Anybody up for writing a latin1tame program?
latin1tame exists, and is called 1252to7. And it sends ñ to n. To send ñ to ny you could use a custom unitame.dat that generates ASCII, as a replacement to 1252to7. This could also be used to convert ä to a instead of ae, as requested for french instead of german. The problem with the custom unitame.dat approach, is that the conversion is character by character, and is the same for the whole file. It is already a progress with respect to be, as now, site-wide. In any case, if you submit RST or TEI, PG has to survive with what epubmaker gives out, i.e. crappy iso-latin given by unitame and crappy ASCII. If this is good enough for RST sources, it is good enough for HTML+UTF-8 sources. My proposal is to allow a bit less of crap in the unitame output, and is simple enough. And allows to use unmodified gutcheck to verify the UTF-8 txt file, before porting gutcheck to Unicode, that will take time. PG moreover requires ASCII and iso-latin-1 just to conceal them. Spending too much work on it is a waste of time. Carlo PS. I see that a version of unitame using a local version of unitame.dat already exists, dated 2006.

My original queation was really whether it isn't time to abandon 8-bit-only files except as their encoding is a strict subset of utf-8/unicode. Just autoconvert iso-1158-1 etc. at the beginning and be done with it. In the year 2525, if man is still alive, they'll look at a 7-bit ascii file and ask "What's this?" They'll be much more likely to understand a represemtation that includes most of the languages on earth at the time.

On Wed, Jan 25, 2012 at 2:37 PM, don kretz <dakretz@gmail.com> wrote:
In the year 2525, if man is still alive, they'll look at a 7-bit ascii file and ask "What's this?" They'll be much more likely to understand a represemtation that includes most of the languages on earth at the time.
The whole point of UTF-8 is that a 7-bit ASCII file is UTF-8. -- Kie ekzistas vivo, ekzistas espero.

Exactly. So there's no conversion effort except to map all the hacks we've added to deal with characters we have to mangle because they aren't available in 7-bit ascii. So why require the extra hacking any longer?

On 01/25/2012 05:23 PM, Carlo Traverso wrote:
Anybody up for writing a latin1tame program?
latin1tame exists, and is called 1252to7. And it sends ñ to n.
Not exactly. Windows codepage 1252 is NOT Latin-1 (iso-8859-1). Microsoft replaced the control characters from 128-159 with other characters. The correct Microsoft codepage for Latin-1 (iso-8859-1) is Windows-28591. In any event, there's an obvious need for such conversion to correctly handle certain characters in context rather than using a blind mapping.
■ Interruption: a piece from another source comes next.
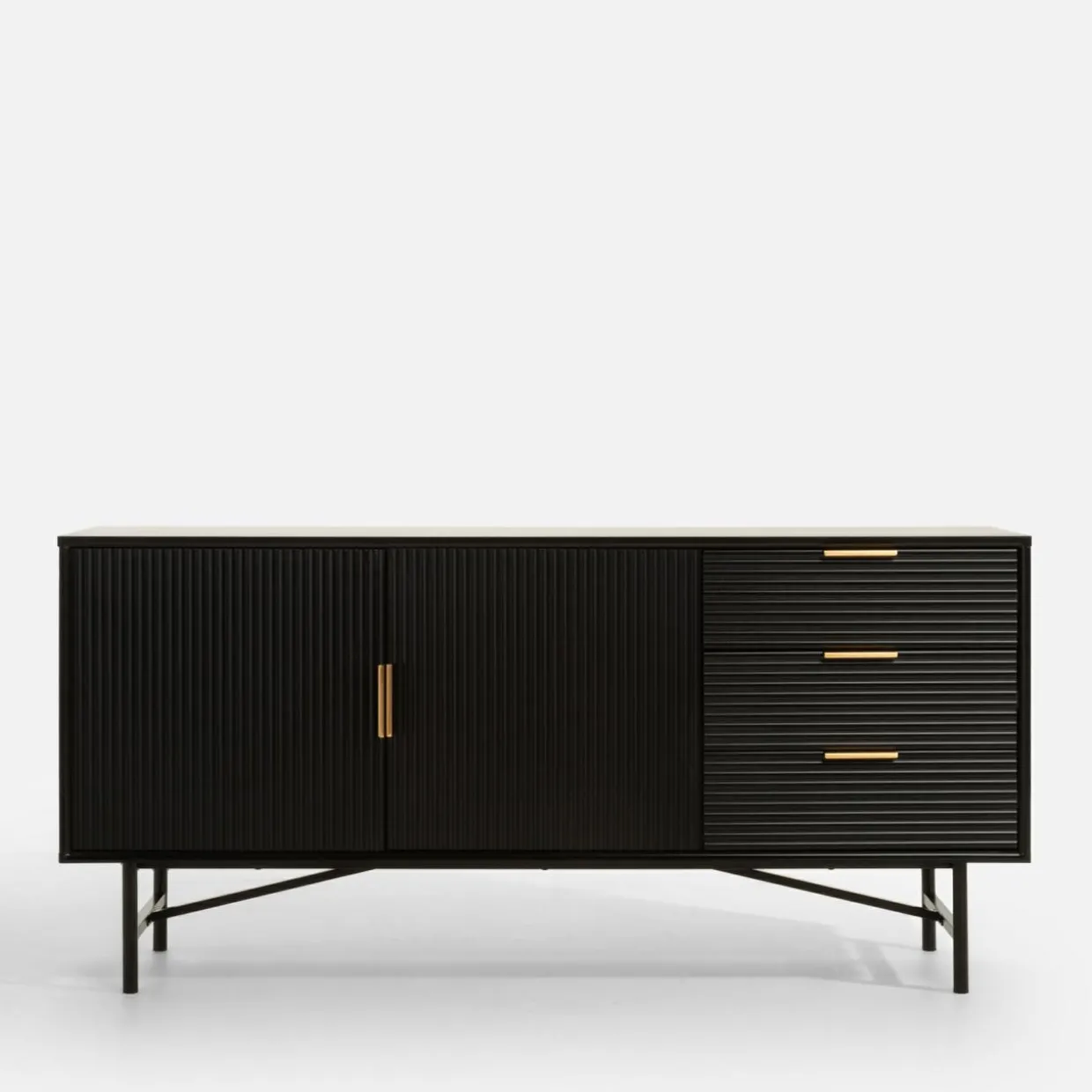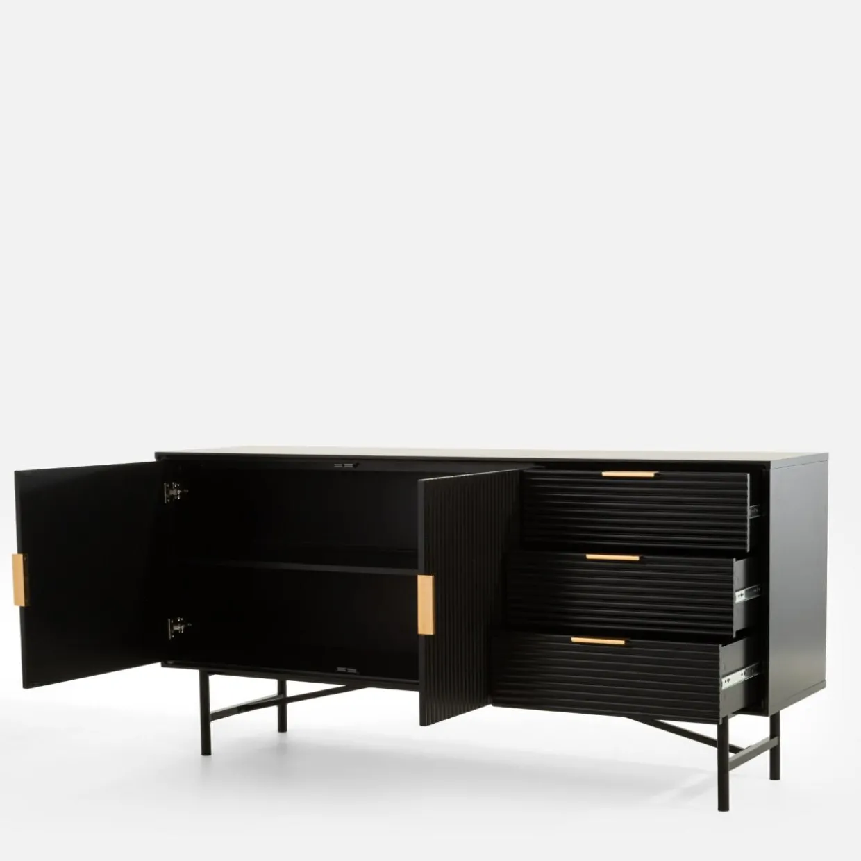Kolekcja mebli SEVI to połączenie głębokiej czerni i złotych akcentów, które nadadzą wnętrzu luksusowego charakteru. Proste bryły wykończone w półmacie stworzą elegancki i spójny wystrój salonu.

David

On Thu, January 26, 2012 7:46 am, D Garcia wrote:
On 01/25/2012 05:23 PM, Carlo Traverso wrote:
Anybody up for writing a latin1tame program?
latin1tame exists, and is called 1252to7. And it sends ñ to n.
Not exactly. Windows codepage 1252 is NOT Latin-1 (iso-8859-1). Microsoft replaced the control characters from 128-159 with other characters. The correct Microsoft codepage for Latin-1 (iso-8859-1) is Windows-28591.
But the MSWindows additions are reserved in Latin-1, so if you have a valid Latin-1 file it will /not/ contain any of the Windows specific characters. Thus, 1252to7 is functionally equivalent to latin1tame; they will both behave identically on a Latin-1 file.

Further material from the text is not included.